▶ [PROVIDED RECORDS]
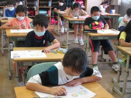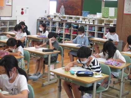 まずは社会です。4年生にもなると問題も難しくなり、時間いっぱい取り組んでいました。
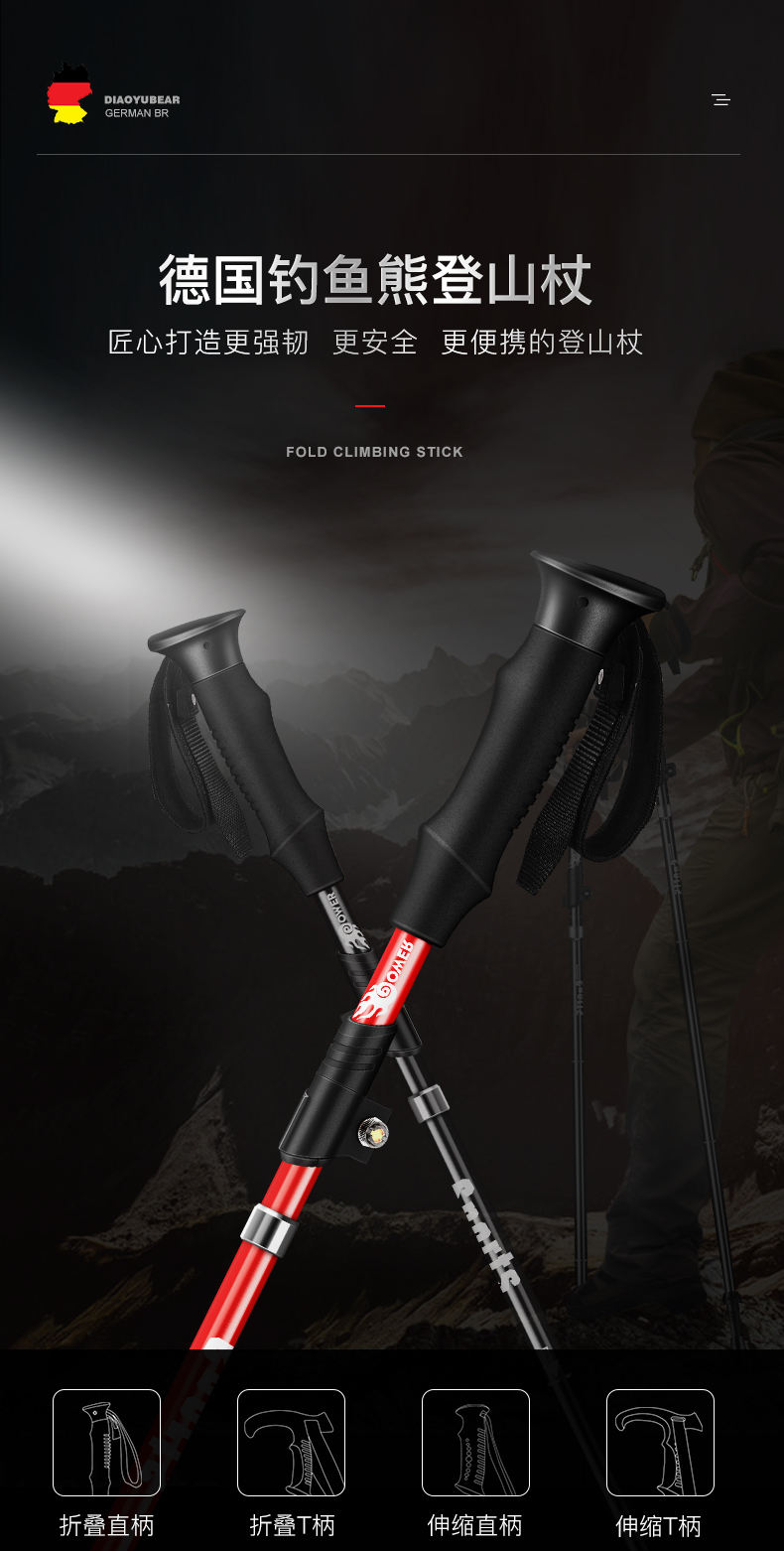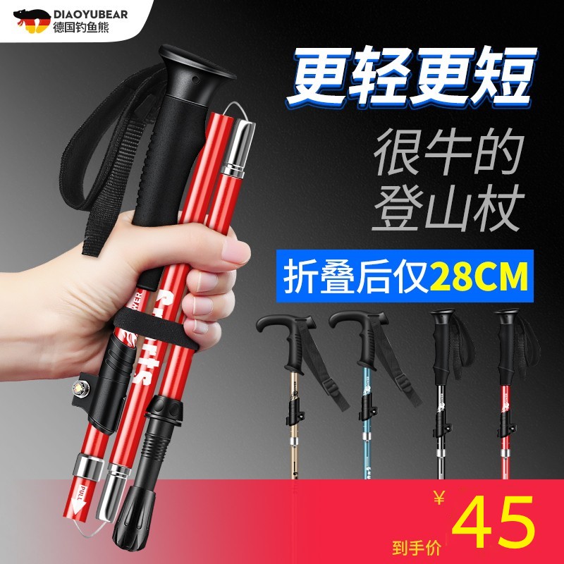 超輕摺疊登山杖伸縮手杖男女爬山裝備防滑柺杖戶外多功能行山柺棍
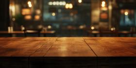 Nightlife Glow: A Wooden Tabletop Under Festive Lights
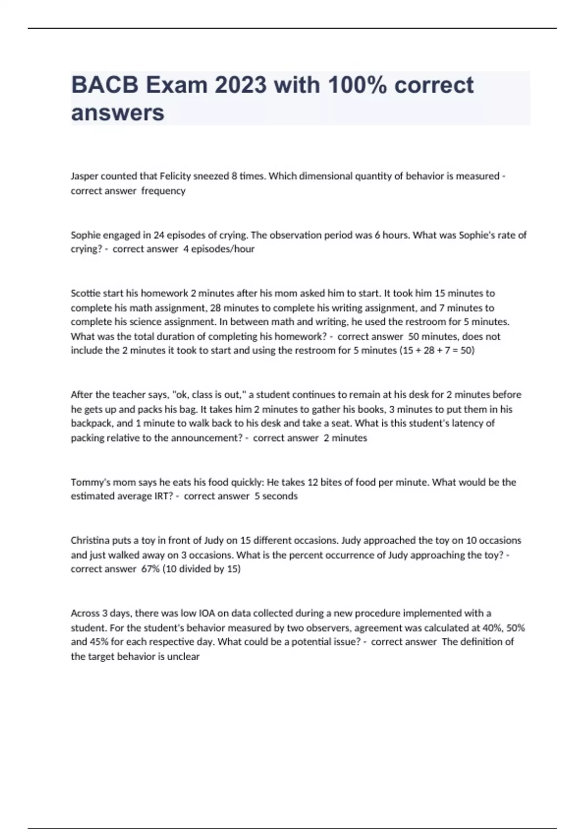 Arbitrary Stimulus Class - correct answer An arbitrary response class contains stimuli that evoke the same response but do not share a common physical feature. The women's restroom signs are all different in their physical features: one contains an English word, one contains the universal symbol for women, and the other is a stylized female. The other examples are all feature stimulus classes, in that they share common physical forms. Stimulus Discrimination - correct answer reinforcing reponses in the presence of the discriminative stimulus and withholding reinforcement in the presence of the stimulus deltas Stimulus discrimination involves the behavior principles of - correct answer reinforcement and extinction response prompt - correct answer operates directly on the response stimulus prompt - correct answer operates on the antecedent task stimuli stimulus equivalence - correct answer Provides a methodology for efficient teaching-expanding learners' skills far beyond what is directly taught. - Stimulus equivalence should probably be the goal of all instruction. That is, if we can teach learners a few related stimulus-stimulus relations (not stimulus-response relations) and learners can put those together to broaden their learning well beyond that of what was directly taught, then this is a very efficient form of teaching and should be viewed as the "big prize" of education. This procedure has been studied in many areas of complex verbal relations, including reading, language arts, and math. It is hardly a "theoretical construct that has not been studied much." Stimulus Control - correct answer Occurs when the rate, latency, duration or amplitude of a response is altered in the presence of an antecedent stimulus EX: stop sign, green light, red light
...
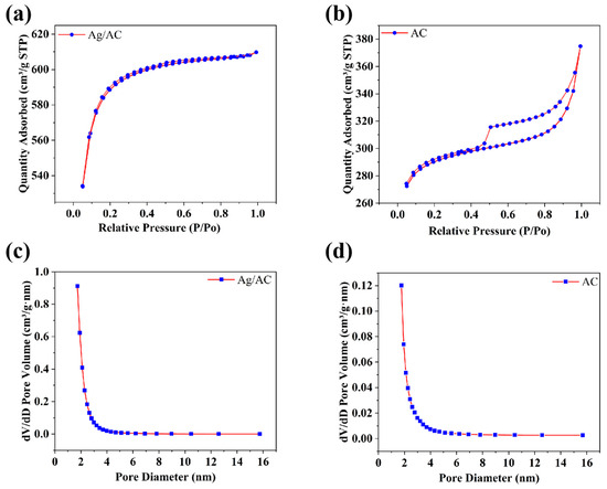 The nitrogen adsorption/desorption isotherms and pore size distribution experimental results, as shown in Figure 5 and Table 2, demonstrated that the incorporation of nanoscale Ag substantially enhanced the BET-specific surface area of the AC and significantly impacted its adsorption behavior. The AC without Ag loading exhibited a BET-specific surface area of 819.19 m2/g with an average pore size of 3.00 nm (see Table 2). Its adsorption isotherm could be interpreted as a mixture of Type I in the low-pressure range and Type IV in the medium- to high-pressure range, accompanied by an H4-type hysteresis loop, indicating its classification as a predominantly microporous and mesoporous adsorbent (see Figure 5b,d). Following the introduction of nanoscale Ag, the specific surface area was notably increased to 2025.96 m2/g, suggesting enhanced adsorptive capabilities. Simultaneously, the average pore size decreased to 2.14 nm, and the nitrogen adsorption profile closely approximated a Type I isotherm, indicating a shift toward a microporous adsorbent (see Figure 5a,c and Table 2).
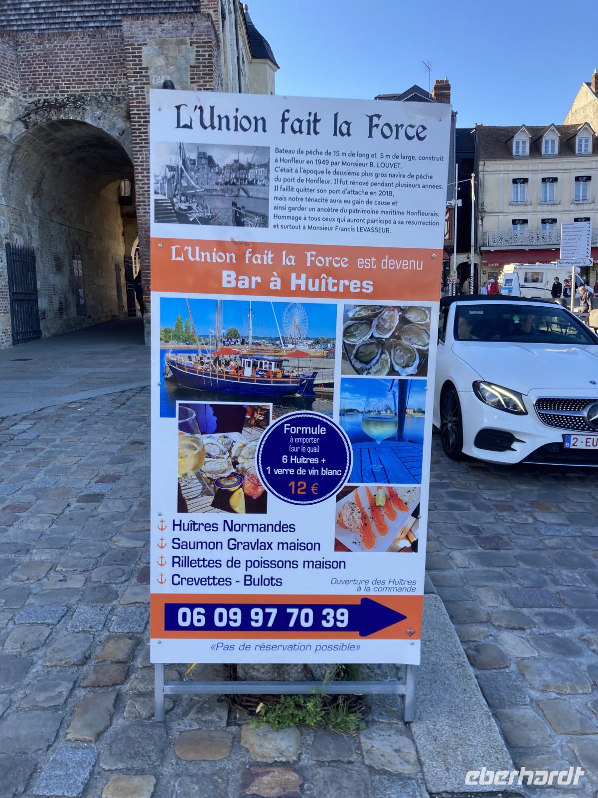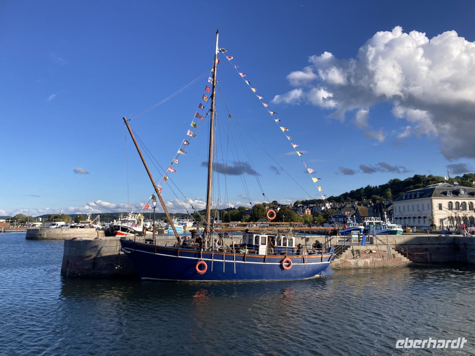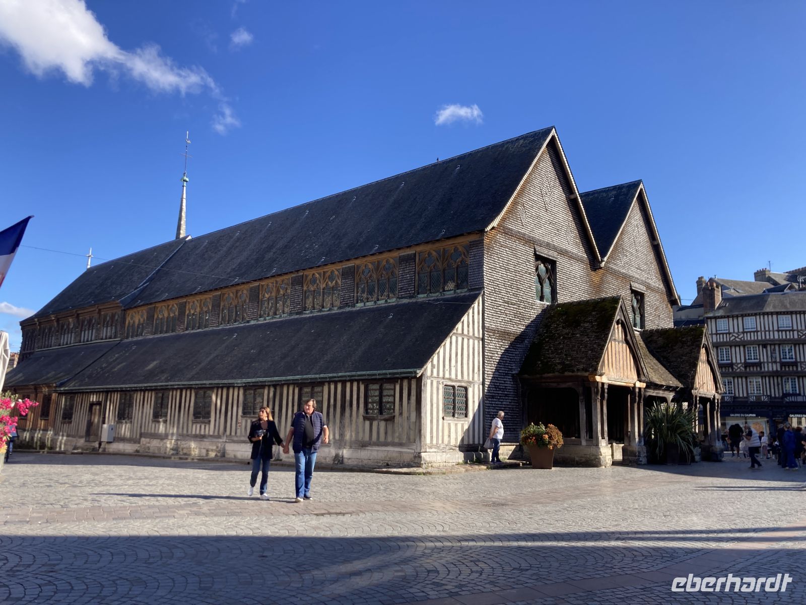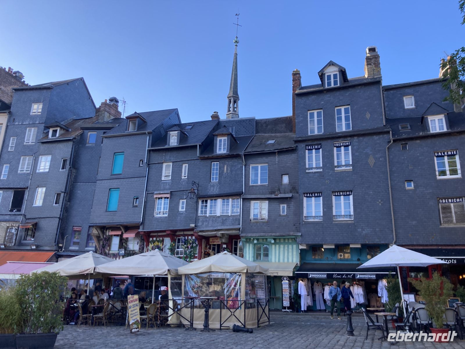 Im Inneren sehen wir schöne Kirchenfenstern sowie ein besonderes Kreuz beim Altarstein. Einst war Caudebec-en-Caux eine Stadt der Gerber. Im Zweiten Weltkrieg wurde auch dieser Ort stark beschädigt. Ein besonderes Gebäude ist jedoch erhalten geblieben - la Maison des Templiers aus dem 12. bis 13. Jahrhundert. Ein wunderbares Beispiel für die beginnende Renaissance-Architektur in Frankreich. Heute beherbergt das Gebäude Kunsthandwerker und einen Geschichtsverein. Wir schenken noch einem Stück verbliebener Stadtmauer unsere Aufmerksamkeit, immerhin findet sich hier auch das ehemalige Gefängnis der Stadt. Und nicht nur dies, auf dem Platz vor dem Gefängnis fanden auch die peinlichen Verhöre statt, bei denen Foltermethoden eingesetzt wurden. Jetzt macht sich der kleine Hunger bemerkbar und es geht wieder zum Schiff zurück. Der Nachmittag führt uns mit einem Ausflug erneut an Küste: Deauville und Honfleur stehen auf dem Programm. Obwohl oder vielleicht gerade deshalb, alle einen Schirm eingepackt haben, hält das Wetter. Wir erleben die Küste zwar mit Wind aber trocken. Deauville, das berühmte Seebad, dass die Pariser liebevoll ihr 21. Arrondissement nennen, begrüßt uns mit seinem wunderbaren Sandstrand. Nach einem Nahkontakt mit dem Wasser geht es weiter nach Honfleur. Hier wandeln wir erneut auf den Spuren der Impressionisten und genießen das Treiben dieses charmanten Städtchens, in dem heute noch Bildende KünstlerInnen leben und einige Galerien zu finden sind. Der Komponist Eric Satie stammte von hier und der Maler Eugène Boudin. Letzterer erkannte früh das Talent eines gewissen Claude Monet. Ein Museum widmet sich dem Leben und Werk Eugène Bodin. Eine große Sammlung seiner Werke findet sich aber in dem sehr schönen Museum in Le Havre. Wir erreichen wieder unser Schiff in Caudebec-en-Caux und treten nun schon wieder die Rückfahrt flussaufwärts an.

▶ [WHAT IS BEING ASKED] Give the lines above again exactly, from the one containing "まずは社会です。4年生にもな" to the one containing "Nightlife Glow: A", both included, but leave out the pictures.

▶ [ANSWER TO THIS PROBLEM]
 まずは社会です。4年生にもなると問題も難しくなり、時間いっぱい取り組んでいました。
 超輕摺疊登山杖伸縮手杖男女爬山裝備防滑柺杖戶外多功能行山柺棍
 Nightlife Glow: A Wooden Tabletop Under Festive Lights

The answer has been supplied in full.